"BİR DAMLA AŞK"

12.2K 468 6
                                    

Derse gireli neredeyse yirmi  dakika olmuştu. Önümdeki defteri karalamaktan ellerim yorulmuştu. Kalemi defterin üzerine bıraktığım sırada sınıfın kapısı tıkanmış aynı saniyede de açılmıştı. O tanıdık sesi duyduğumda donup kalmıştım.

"Yağmuru alabilir miyim hocam?"

Gözlerimi  Rüzgar'a çevirdiğim sırada onun da  bana  baktığını gördüm.Dışarıyı işaret ettiğinde tekrardan önüme dönmüştüm.

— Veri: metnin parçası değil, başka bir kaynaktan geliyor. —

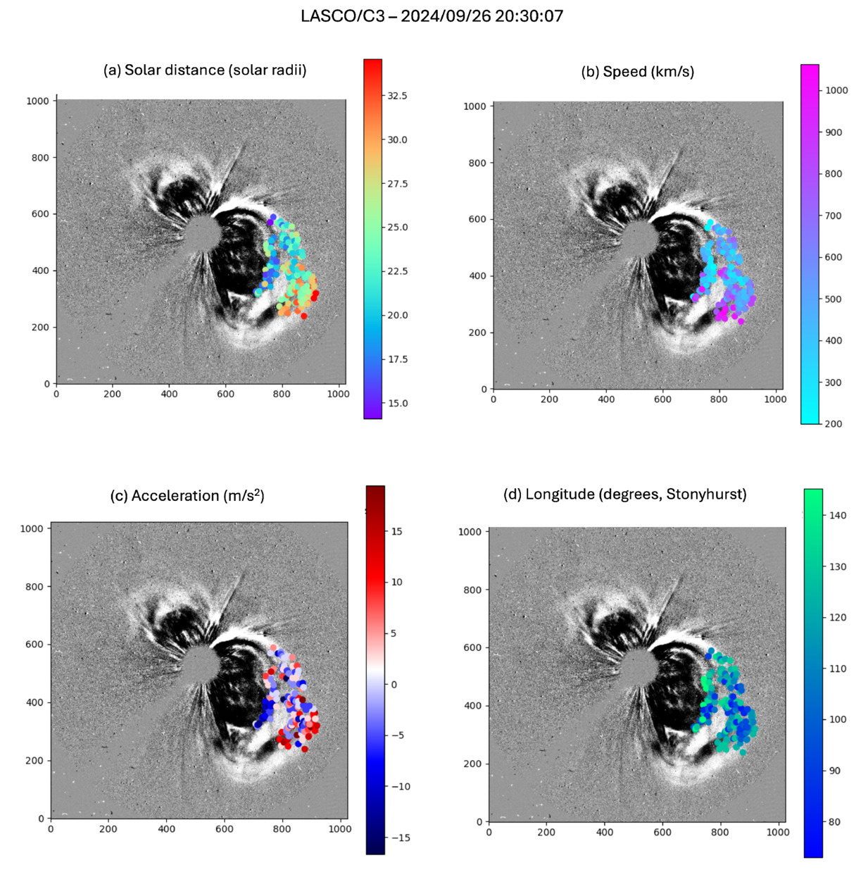 Projection points derived with MOSAIK3D over a LASCO/C3 image from 2024 September 26 20:30:07. Each panel illustrates a different parameter superposed to the image, namely, (a) heliocentric distance, (b) speed, (c) acceleration, and (d) Stonyhurst longitude.

O sırada

"Neden?'' diye sordu hoca.

Ne diyecek diye düşünürken Rüzgar içeri girdi ve kolumdan tutup beni dışarı çıkarmıştı.Hoca durdurmak isterken, hocaya dönüp

"Öğrencinizi dağa kaçırmıyorum hocam! Bir şey konuşup geri getireceğim!"

Hocanın birşey demesine izin vermeden kapıyı kapatmıştı.

Ben daha ne olduğunu anlayamadan sürükleniyordum.Kendime geldiğimde sinirle, tuttuğu kolumu çektim.

"Ne yapıyorsun?"

''Seni üzen ve ağlatan şey neydi Yağmur?"

"Bunun için mi buraya geldin?"

Gözümün içine baktığında,bende ona karşılık vermiştim.Bu bir ilkti.Biz ilk defa gözlerimizin içine bakıyorduk.

"Cevap verecek misin?"

Sorusuna cevap vermeden,

"Ağladığım için mi beni umursadın yoksa cevabını almak için mi?"

Hiç gülmüyordu.Şu an Rüzgar çok ciddiydi.

"Sana diyorum? "

"Seni umursadığım için geldim. Gerçekten iyi olup olmadığını görmek için.  " 

Beklemediğim bir şeydi... cevabı, kızarmama neden olmuştu.

"Hayret şaşırdım .. Sonunda anladın demek bir kuzeninin olduğunu. " 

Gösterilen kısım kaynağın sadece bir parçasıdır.